Weekly Home / Recipe Center

Chinese Fried Rice

Serves 8

Ingredients:

3/4 cup finely chopped onion
2 1/2 tablespoons oils
1 egg, lightly beaten (or more egg if you like)
3 drops soy sauce
3 drops sesame oil
8 ounces cooked lean boneless pork or 8 ounces chicken, chopped
1/2 cup finely chopped carrot (very small)
1/2 cup frozen peas, thawed
4 cups cold cooked rice, grains separated (preferably medium grain)
4 green onions, chopped
2 cups bean sprouts
2 tablespoons light soy sauces (add more if you like)

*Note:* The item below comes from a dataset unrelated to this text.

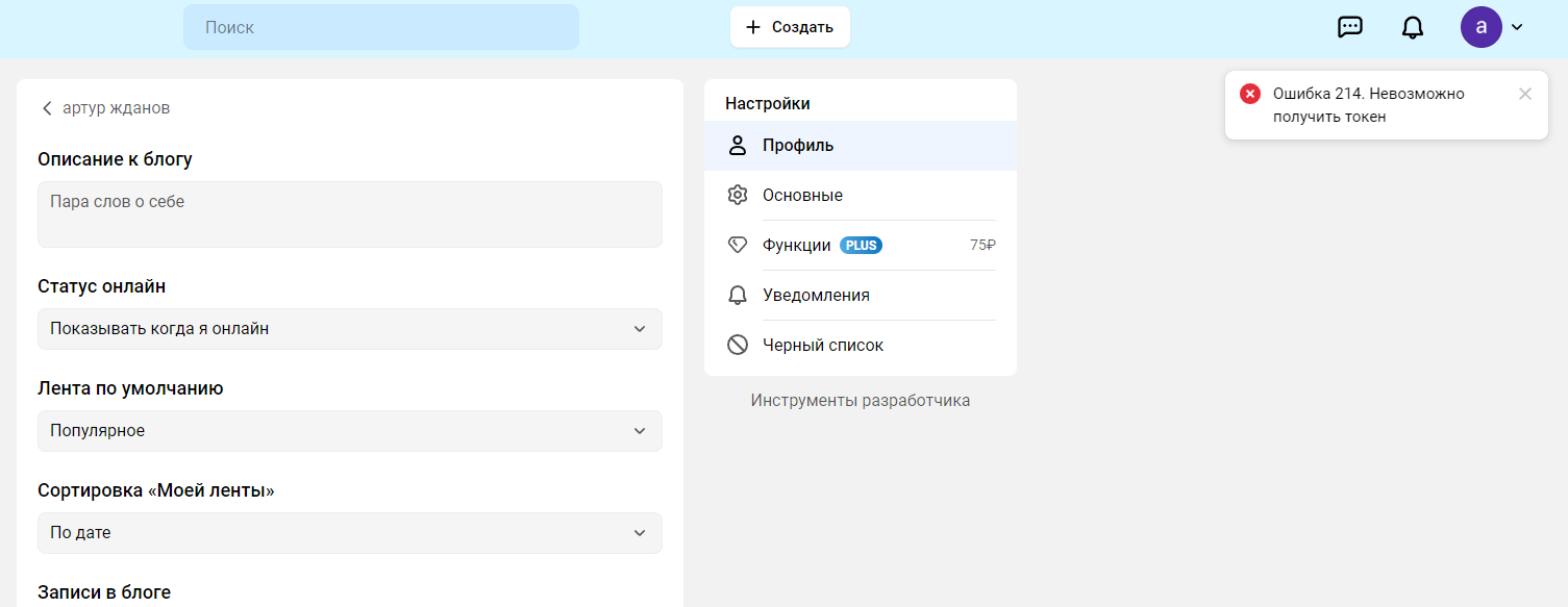 Ошибка 214 при нажатии "Инструменты разработчика" в настройках пользователя

1. Heat 1 tbsp oil in wok; add chopped onions and stir-fry until onions turn a nice brown color, about 8-10 minutes; remove from wok.

2. Allow wok to cool slightly.

3. Mix egg with 3 drops of soy and 3 drops of sesame oil; set aside.

4. Add 1/2 tbsp oil to wok, swirling to coat surfaces; add egg mixture; working quickly, swirl egg until egg sets against wok; when egg puffs, flip egg and cook other side briefly; remove from wok, and chop into small pieces.

5. Heat 1 tbsp oil in wok; add selected meat to wok, along with carrots, peas, and cooked onion; stir-fry for 2 minutes.

6. Add rice, green onions, and bean sprouts, tossing to mix well; stir-fry for 3 minutes.

7. Add 2 tbsp of light soy sauce and chopped egg to rice mixture and fold in; stir-fry for 1 minute more; serve.

8. Set out additional soy sauce on the table, if desired.